**MATERIAL PROVIDED**
=== Section Start ===

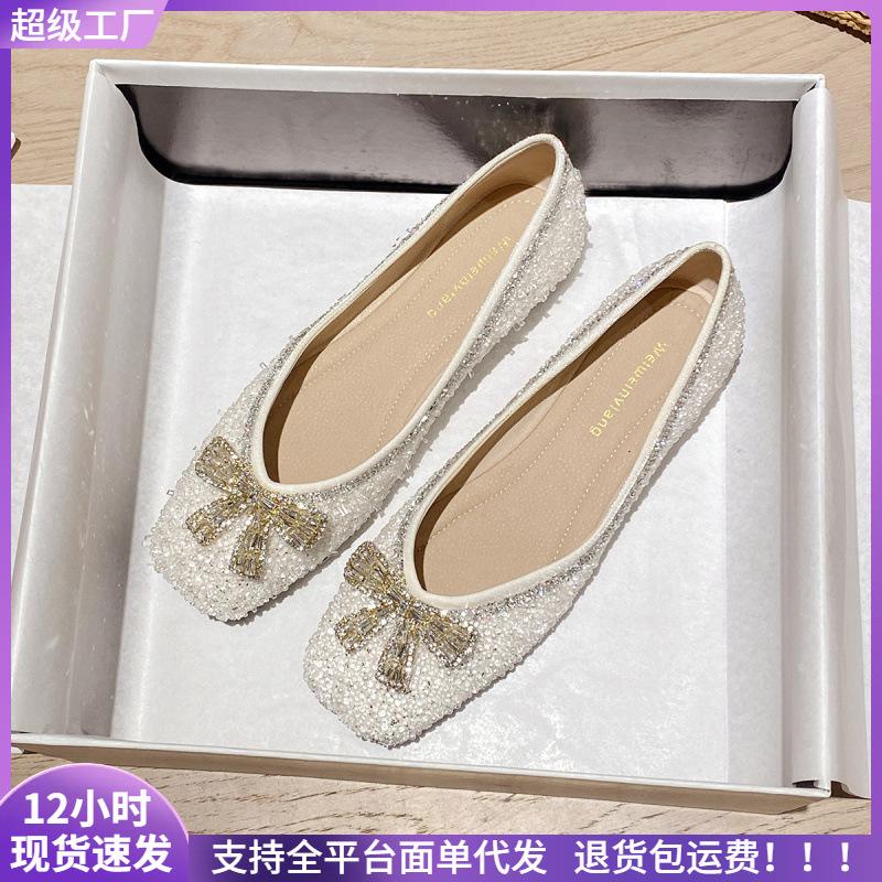 Square head single shoes women's flat bottom one pedal bow rhinestone spring ladyshoes women
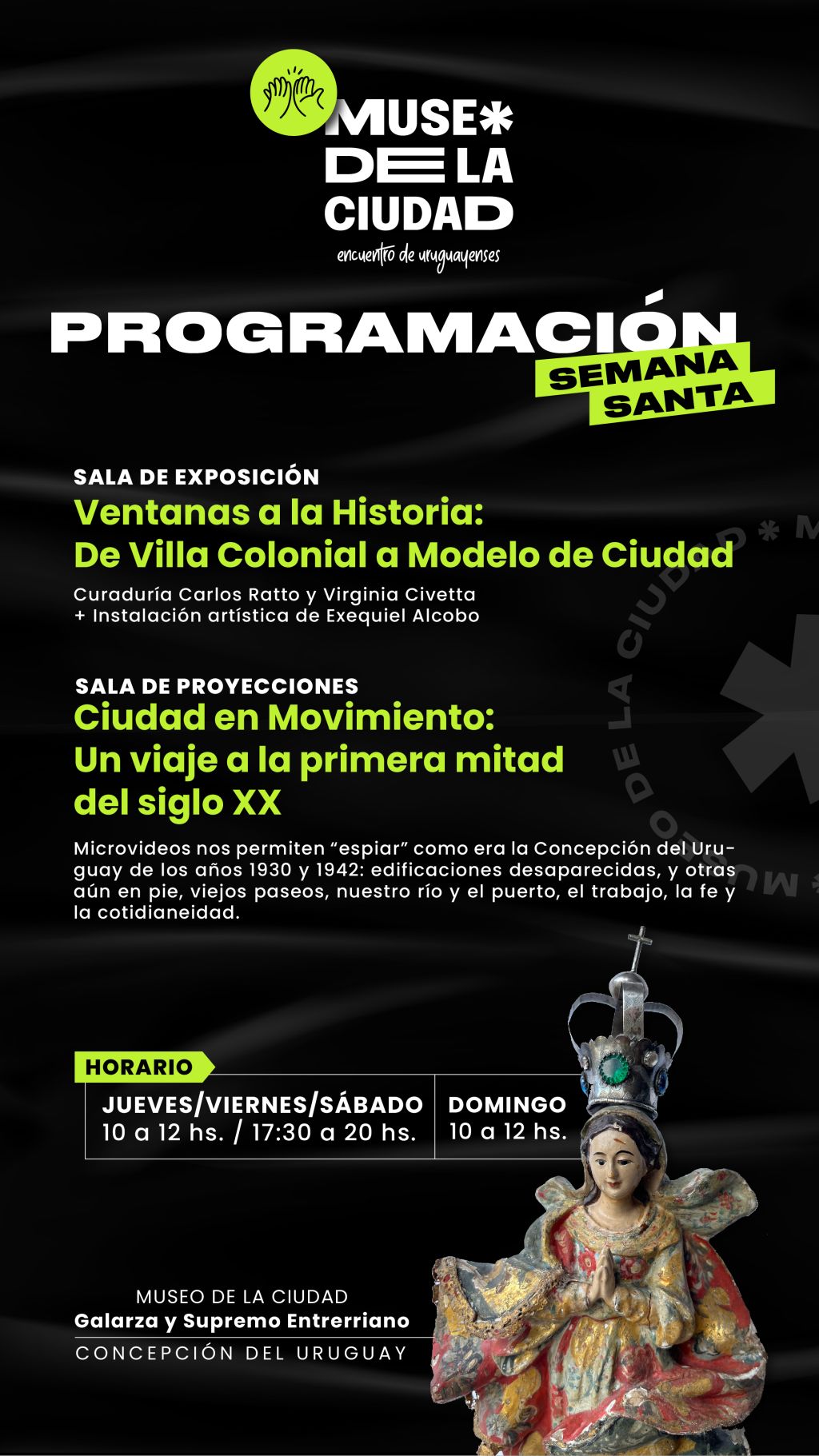 Además, excepcionalmente, en la Sala de Proyecciones del Museo, se abordará la “Ciudad en Movimiento: Un viaje a la primera mitad del siglo XX”, con un video de la Concepción del Uruguay de los años 1930 y 1942. En ellos se podrán descubrir edificaciones desaparecidas, y otras aún en pie, viejos paseos y plazas con otra configuración, nuestro río y el puerto, el trabajo de nuestros mayores, la fe y devoción popular, y la cotidianidad de la ciudad en aquellos años, con el ir y venir de los antiguos moradores.
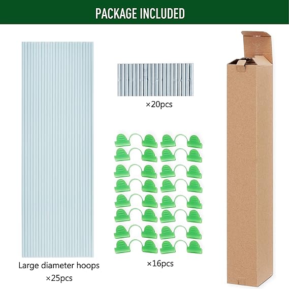 • 【DIY KIT】Comes with 25 large diameter hoops, each 17″ in length, 20 connectors, and 16 clips. You can combine 5 or more hoops to DIY your own grow tunnel. Additionally, you can use the clips to secure the greenhouse covering.

=== Section End ===

Retype the data above exactly; pictures are not part of the copy.

 Square head single shoes women's flat bottom one pedal bow rhinestone spring ladyshoes women
 Además, excepcionalmente, en la Sala de Proyecciones del Museo, se abordará la “Ciudad en Movimiento: Un viaje a la primera mitad del siglo XX”, con un video de la Concepción del Uruguay de los años 1930 y 1942. En ellos se podrán descubrir edificaciones desaparecidas, y otras aún en pie, viejos paseos y plazas con otra configuración, nuestro río y el puerto, el trabajo de nuestros mayores, la fe y devoción popular, y la cotidianidad de la ciudad en aquellos años, con el ir y venir de los antiguos moradores.
 • 【DIY KIT】Comes with 25 large diameter hoops, each 17″ in length, 20 connectors, and 16 clips. You can combine 5 or more hoops to DIY your own grow tunnel. Additionally, you can use the clips to secure the greenhouse covering.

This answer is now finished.